■ Exercise objective ■
All that is wanted is the lines from the first line of the listing below through the line containing "Während der etwa", written out exactly with pictures left out.

──────── Data in this exercise ────────

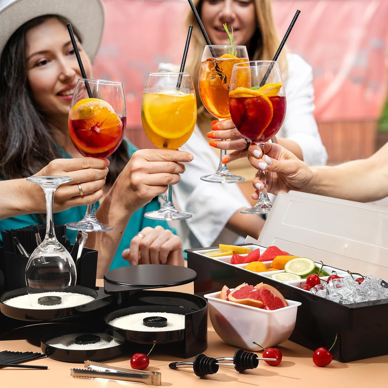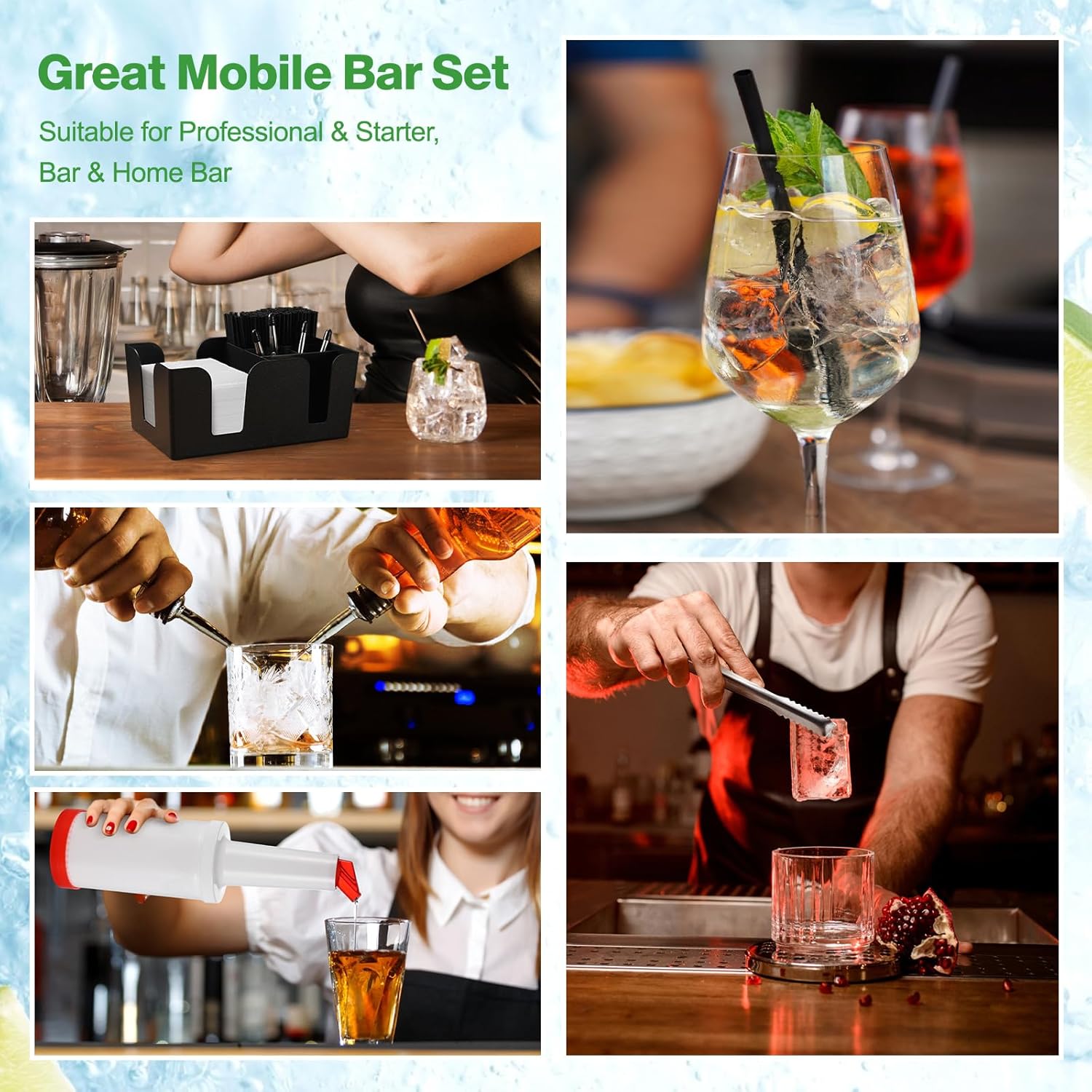 【All-In-One Mobile Bar Set】- 1 pcs: bar mat, bar glass rimmer, bar caddy, bar fruit caddy with lid; 2 pcs: juice pour bottles; 3 pcs: mini serving tongs; 12 pcs: liquor bottle pourers; 1 bags of cocktail stirrers. This set has what you need for party or outdoor get together–basically all of the necessaries for equipping a bar
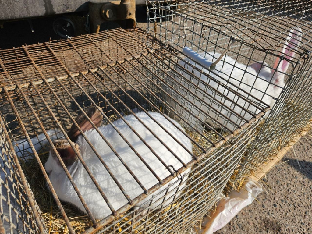 Кроме рыбы есть и живность. Так на продажу привезли живых кроликов белого, черного и серого окраса.
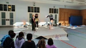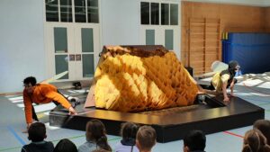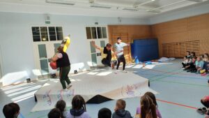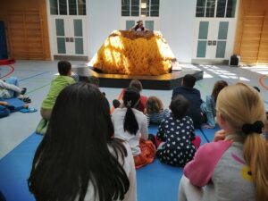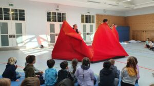 Während der etwa einstündigen Vorstellung wurde die Turnhalle kurzerhand zum Theater und die Kinder tauchten staunend in fantasievolle Welten ab.
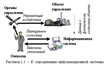 Любая информационная система создается для управления конкретным объектом (предприятием, станком, человеком и др.). В соответствии с общей теорией управления, процесс управления можно представить как взаимодействие двух систем: объекта управления и системы управления. Система управления функционирует на базе информации о состоянии объекта, его входов (например, материальные, трудовые, людские ресурсы) и выходов (например, выпускаемая продукция, финансовые результаты) в соответствии с поставленной целью (например, максимум продукции при минимуме затрат). Управление заключается в выявлении расхождения желаемых характеристик функционирования объекта от реальных показателей и через органы управления формирование такого воздействия на объект, которое это расхождение устремит к минимуму. Управляющее воздействие осуществляется с учетом обратной связи, т. е. текущей информации об объекте и характеристик внешней среды (рынка и вышестоящих организаций). Внедрение информационной системы производится с целью повышения эффективности деятельности объекта за счет принципиально новых методов управления.
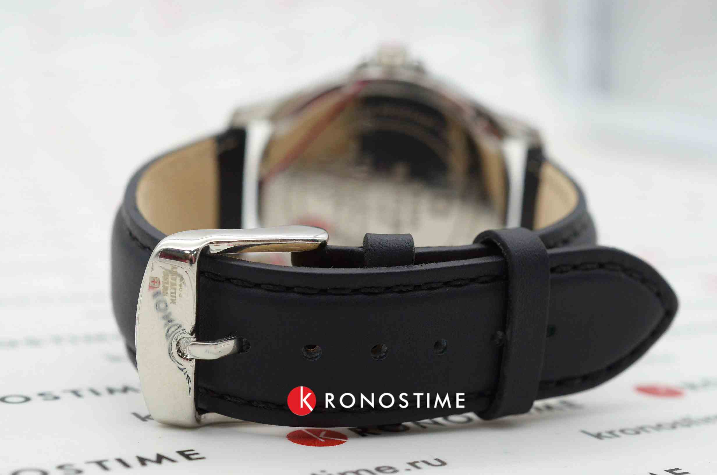 Внутри модели установлен надёжный швейцарский кварцевый механизм ETA F06.411, известный своей точностью и долговечностью. Чёрный ремешок из натуральной кожи с классической застёжкой добавляет аксессуару стильный акцент и обеспечивает комфортное ношение.
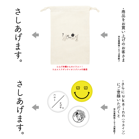 ・ご来店時にukaの会員プログラムukainnのマイページのご提示、またはその場で入会いただいた方に、ウカストアゲンテイ缶バッジをプレゼント。
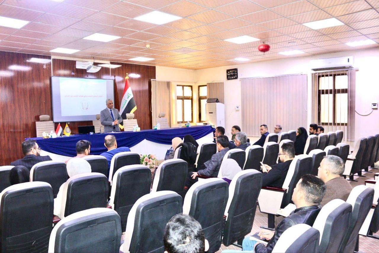 وتضمنت الورشة محاضرة قدمها عميد الكلية الدكتور عقيل فاضل الدهان بين خلالها اهم الشروط الواجب توافرها للحصول على الاعتمادية فضلا عن اهمية اعتماد الكليات في المجلس الوطني لاعتماد برامج كليات القانون.
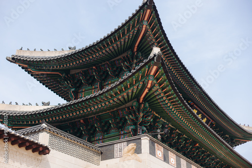 Fototapeta premium Gyeongbokgung Palace, Seoul, Jongno District, South Korea, in a spring sunny...

────────

■ Solved problem ■
 【All-In-One Mobile Bar Set】- 1 pcs: bar mat, bar glass rimmer, bar caddy, bar fruit caddy with lid; 2 pcs: juice pour bottles; 3 pcs: mini serving tongs; 12 pcs: liquor bottle pourers; 1 bags of cocktail stirrers. This set has what you need for party or outdoor get together–basically all of the necessaries for equipping a bar
 Кроме рыбы есть и живность. Так на продажу привезли живых кроликов белого, черного и серого окраса.
 Während der etwa einstündigen Vorstellung wurde die Turnhalle kurzerhand zum Theater und die Kinder tauchten staunend in fantasievolle Welten ab.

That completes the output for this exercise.